Later, Bayer and Garnick travel to the red cliffs of Daijar to film more langur. The blackbuck and brown rat are given some screen time too.

7. Monterey Bay - Bayer and Garnick are now on their way to America's largest marine sanctuary, known as the "Serengeti of the Sea". Bayer and Garnick hope to film the gray whale migration, however there are killer whales or orcas waiting for these whales as they pass through the sanctuary.

8. Thailand - Bayer and Garnick visit Thailand. The mission is to film some wild Asian elephants. The only problem is that they are very much endangered in the wild. Their first stop is the city Chiang Mai, Thailand's largest city. They are appalled at the sight of young elephants on street corners being used to help beggars get some attention.

Later, they go to an elephant sanctuary which rescues elephants that were mistreated on streets and in safari camps.

9. Mongolia - Bayer and Garnick travel to Mongolia to film the wild horse, or better known as the Przewalski's horse.
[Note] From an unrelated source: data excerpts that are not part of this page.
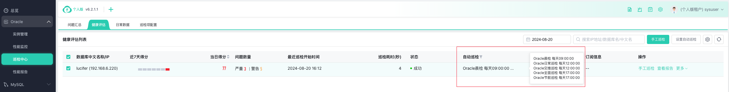 在巡检中心可以设置自动巡检,在健康评估中,可以选择对应的数据库进行自动巡检配置:
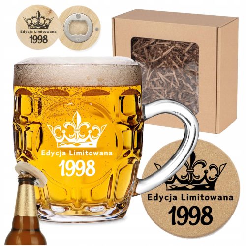 Zestaw Kufel do piwa z grawerem Podkładka + Otwieracz to doskonała propozycja dla miłośników piwa, którzy cenią sobie zarówno funkcjonalność, jak i estetykę. Kufel wykonany został z wysokiej jakości szkła, co zapewnia jego trwałość oraz elegancki wygląd. Grawer na kuflu nadaje mu unikatowego charakteru, co sprawia, że idealnie sprawdzi się jako prezent na Dzień chłopaka
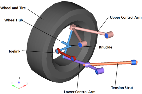 Figure 2. Rear-Half-Vehicle Model Employing a SLA Suspension with Two (2) Piece Lower Control Arm
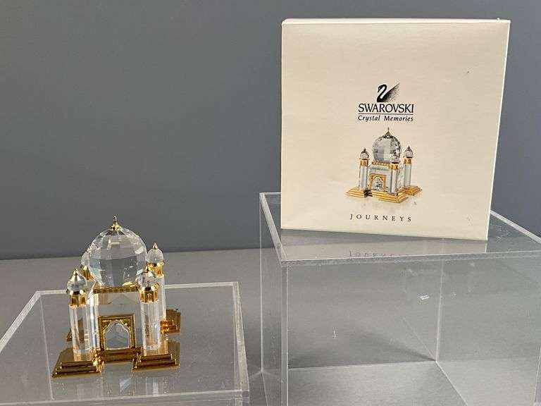 Swarovski crystal mosque figurine featuring a faceted crystal dome and columns with gold-tone metal accents. Includes the original box with the label. Made in Austria. Location: L
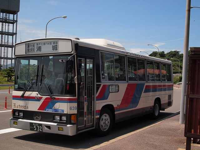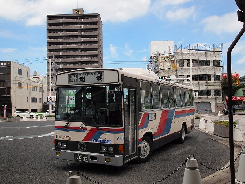 与島から児島駅からは下電バスに乗車。本務車が点検なのか予備の車両がやってきました。

Also featured in the episode are marmot and vulture.

10. Best Moments - Composed of best moments from the previous nine episodes, ended with the conservation music video which Tristan Bayer had been talking all through the show. The song is Touch the Sky performed by Irish group Young Dubliners.

==Reception==
Common Sense Media rated the show 4 out of 5 stars.